Can you square a function of three variables?

Question

If I have a function of three variables and I want to create a new function in which it equals the other function squared, could I literally just square the other function or does this violate any rules? Would this also mean its gradient vector is just squared at a certain point?

Answer 1

HINT

Say you have $f(x,y,z)$ and you would like to define $$g(x,y,z) = f(x,y,z)^2.$$ Then, $$ \vec{\nabla} g = \begin{pmatrix} \partial g/\partial x \\ \partial g/\partial y \\ \partial g/\partial z \end{pmatrix} $$ For example, chain rule implies $$ \frac{\partial g(x,y,z)}{\partial x} = \frac{\partial f(x,y,z)^2}{\partial x} = 2 f(x,y,z) \frac{\partial f(x,y,z)}{\partial x}. $$

Answer 2

could I literally just square the other function

Yes. The square of $f(x,y,z)$ is $[f(x,y,z)]^2$. No violations.
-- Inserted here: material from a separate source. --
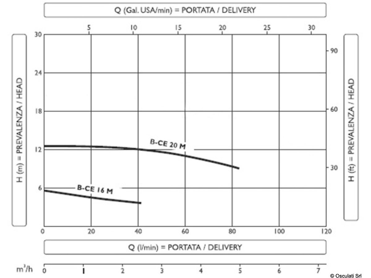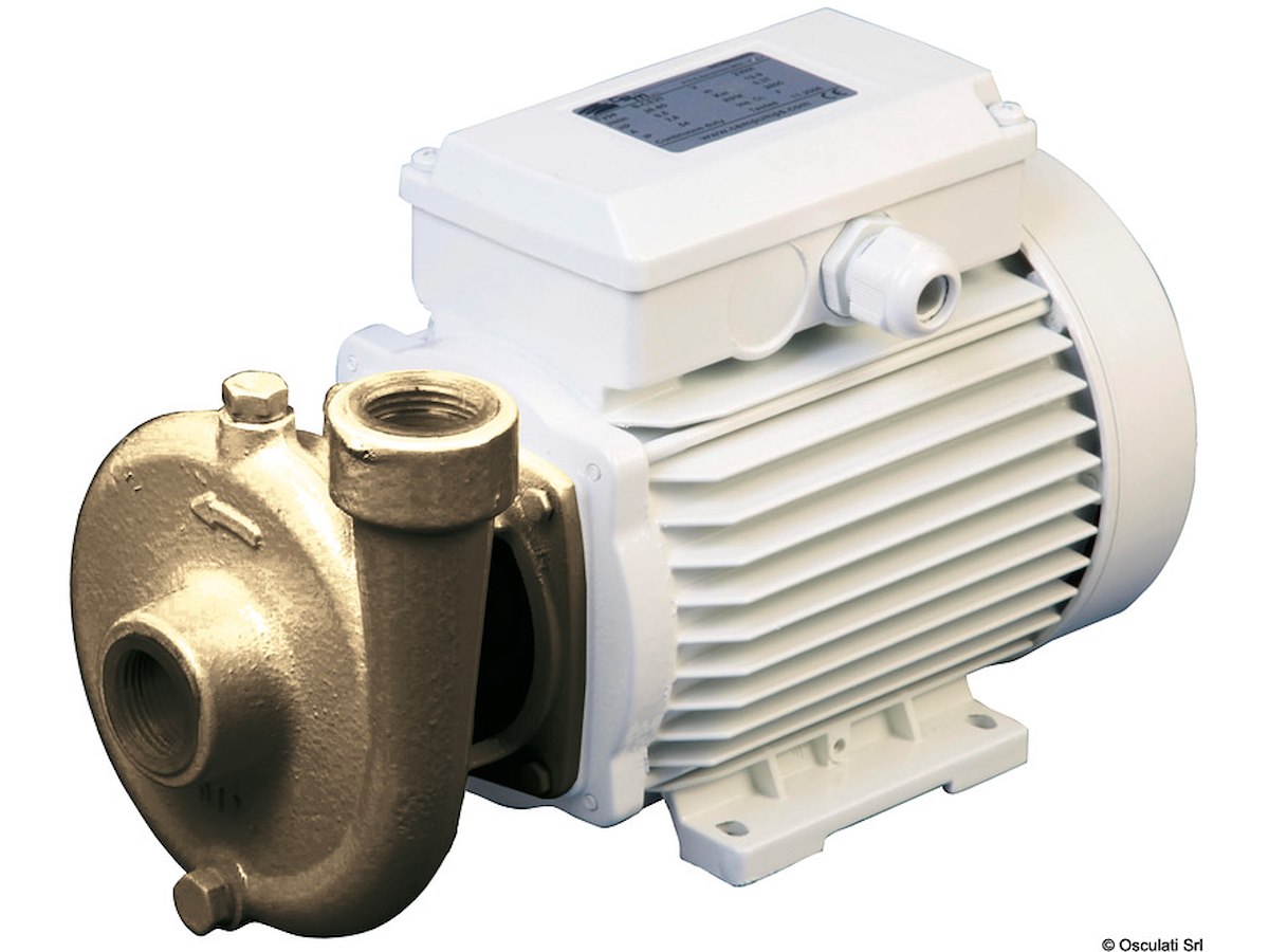 Elettropompa a corrente alternata monofase (50Hz), largamente impiegata a bordo per fornire l'acqua, dolce o salata, necessaria al funzionamento degli impianti di aria condizionata. Costituita da corpo pompa e girante in bronzo, e albero in acciaio inox AISI 316.

For example, if $f(x,y,z) = xyz$, then the square of this function is $g(x,y,z) = (xyz)^2 = x^2y^2z^2$.

Would this also mean its gradient vector is just squared at a certain point?

There may, coincidentally, be specific points $(a,b,c)$ for which $\nabla g(a,b,c)$ is the "square" of $\nabla f(a,b,c)$, i.e., each component of $\nabla g(a,b,c)$ is the square of the corresponding component of $\nabla f(a,b,c)$. But it's not true everywhere.

For the $f$ and $g$ given above, it works trivially for $a=b=c=0$ and it doesn't work for $a=b=c=1$.

Answer 3

A function is not characterized only by the number of independent variables in the domain, but also by the number of dependent variables in the codomain and this make some difference in defining the ''square'' of a function.

If we have a function $f:\mathbb{R}^3 \to \mathbb{R}$ than its value is areal number and we can easily define the square as $f^2(x)=[f(x)]^2$ , i.e. the function whose value is the square of the value of the function $f(x)$.

If we have a function $f:\mathbb{R}^3 \to \mathbb{R}^n$ the value of the function has $n$ components: $f(x,y,z)=(f_1(x,y,z),f_2(xyz),f_3(xyz), \cdots, f_n(x,y,z))$ so we can define the square function as the function that has as components the square of the components: $f^2(x,y,z)=(f_1^2(x,y,z),f_2^2(x,y,z),f_3^2(x,y,z), \cdots, f_n^2(x,y,z))$.

In any case the derivative ( or the derivatives) can be found using the chain rule as in: $$ \frac {\partial f^2(x,y,z)}{\partial x}=2f(x,y,z)\frac {\partial f(x,y,z)}{\partial x} $$